### What you have to do
Skip every picture, then write out exactly the lines of the listing below from the line that contains "Контроль круговым сканированием" through the final line.

### Data excerpt
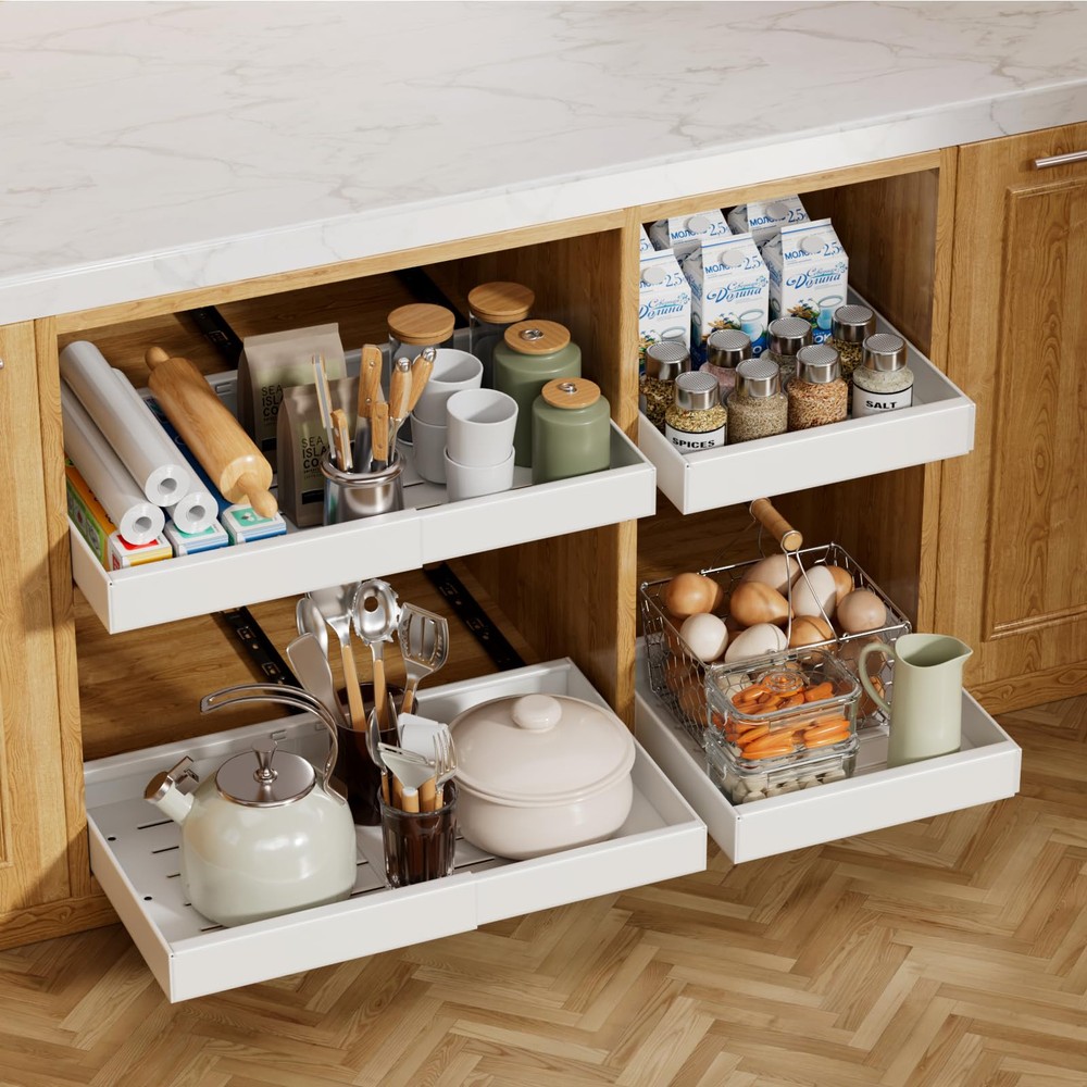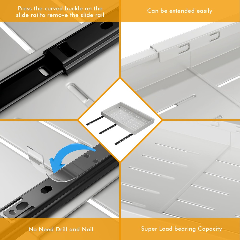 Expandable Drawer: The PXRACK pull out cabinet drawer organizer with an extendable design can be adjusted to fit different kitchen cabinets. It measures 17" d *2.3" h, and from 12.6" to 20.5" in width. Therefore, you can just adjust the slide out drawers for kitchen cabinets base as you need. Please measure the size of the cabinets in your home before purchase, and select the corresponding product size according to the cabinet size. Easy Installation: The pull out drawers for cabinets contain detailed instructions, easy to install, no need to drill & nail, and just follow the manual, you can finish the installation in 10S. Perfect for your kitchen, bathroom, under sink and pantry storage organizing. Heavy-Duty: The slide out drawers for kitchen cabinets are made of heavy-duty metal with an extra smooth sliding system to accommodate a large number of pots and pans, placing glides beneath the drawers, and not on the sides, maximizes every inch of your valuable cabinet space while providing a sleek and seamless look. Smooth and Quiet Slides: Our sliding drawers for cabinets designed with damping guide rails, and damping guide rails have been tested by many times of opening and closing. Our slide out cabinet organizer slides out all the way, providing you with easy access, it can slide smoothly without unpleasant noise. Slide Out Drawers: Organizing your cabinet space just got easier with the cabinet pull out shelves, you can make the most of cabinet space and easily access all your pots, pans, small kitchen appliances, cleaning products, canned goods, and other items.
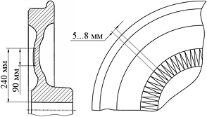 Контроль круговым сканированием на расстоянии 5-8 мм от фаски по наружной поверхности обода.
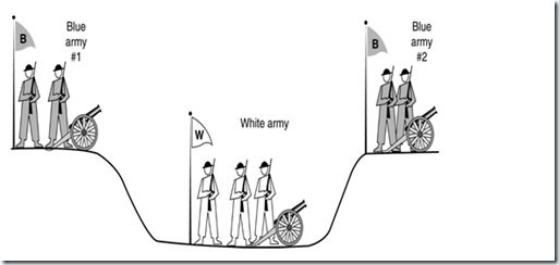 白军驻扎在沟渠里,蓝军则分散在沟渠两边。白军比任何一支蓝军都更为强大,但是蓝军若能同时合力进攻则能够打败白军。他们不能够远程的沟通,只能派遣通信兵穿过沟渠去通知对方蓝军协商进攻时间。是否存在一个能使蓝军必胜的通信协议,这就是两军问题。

### Your solution
 Контроль круговым сканированием на расстоянии 5-8 мм от фаски по наружной поверхности обода.
 白军驻扎在沟渠里,蓝军则分散在沟渠两边。白军比任何一支蓝军都更为强大,但是蓝军若能同时合力进攻则能够打败白军。他们不能够远程的沟通,只能派遣通信兵穿过沟渠去通知对方蓝军协商进攻时间。是否存在一个能使蓝军必胜的通信协议,这就是两军问题。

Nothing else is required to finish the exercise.